Wu Yinsong, Shi Guanghao, Liu Yanan, Kong Yangzilin, Wu Mengdi, Wang Demao, Wu Xiaobing, Shang Yongjia, He Xinwei
Key Laboratory of Functional Molecular Solids, Ministry of Education, Anhui Laboratory of Molecule-Based Materials (State Key Laboratory Cultivation Base), College of Chemistry and Materials Science, Anhui Normal University, Wuhu 241000, P.R. China.

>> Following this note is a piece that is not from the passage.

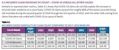 Outre Atlantique, on s’alarme également de hausses de mortalité inexpliquées malgré tous les bienfaits des mesures sanitaires et des vaccins sûrs et efficaces. Le Society of Actuaries Research Institute (l’institut de recherche d’une association d’actuaires qui travaille sur les risques et les assurances) a publié une analyse en août 2022. Ils analysent le nombre de personnes demandant à toucher une assurance-vie suite à un décès comparativement aux années “pré-pandémie”. Ils observent que la hausse de la mortalité depuis 2020 est plus élevée que les déclarations (pourtant très larges) de décès “dus” à la Covid-19. Pour 100 morts auparavant, il y en a eu 121 depuis la “pandémie”. Parmi les 121, 17 sont attribués à la Covid-19. Chacun est libre de croire que ces 17 font partie des 21 morts en plus, ou plutôt des 100 habituels. Quoi qu’il en soit, il en manque au moins 4.
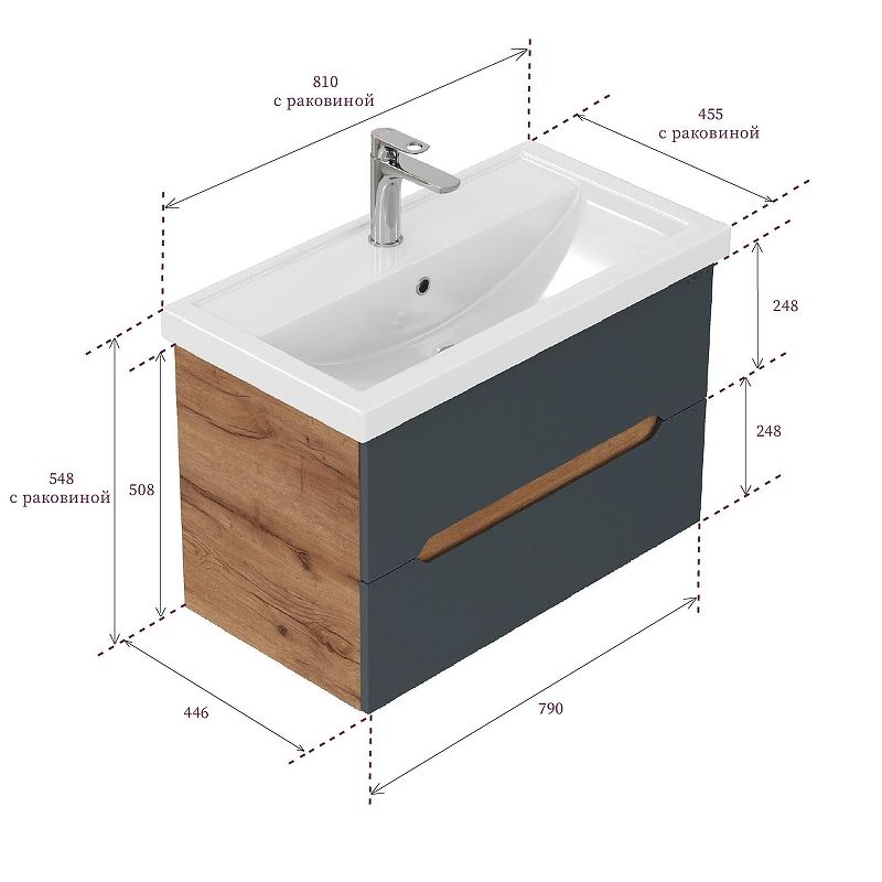Тумба под раковину подвесная Onika Айленд 108064 80 см графит/дуб крафт золотой купить

Jiangsu Xidi Pharmaceuticals Co., Ltd, Nantong, 226000, P. R. China.
Org Biomol Chem. 2024 May 1;22(17):3523-3532. doi: 10.1039/d4ob00193a.
A cascade annulation strategy triggered by rhodium(III)-catalyzed C-H activation has been reported for the expeditious assembly of pyrrolidinedione-fused 1,2-benzothiazines from free NH-sulfoximines with maleimides under mild conditions. Without the need for inert atmosphere protection, a broad range of sulfoximines with maleimides were well tolerated, producing diverse fused-thiazine derivatives in moderate to good yields. Additionally, the late-stage transformation of the target product demonstrated the potential synthetic value of this protocol.
据报道,一种由铑(III)催化的C-H活化引发的串联环化策略,可在温和条件下从游离的NH-亚砜亚胺与马来酰亚胺快速组装吡咯烷二酮稠合的1,2-苯并噻嗪。无需惰性气氛保护,多种亚砜亚胺与马来酰亚胺都能良好兼容,以中等至良好的产率生成各种稠合噻嗪衍生物。此外,目标产物的后期转化证明了该方法的潜在合成价值。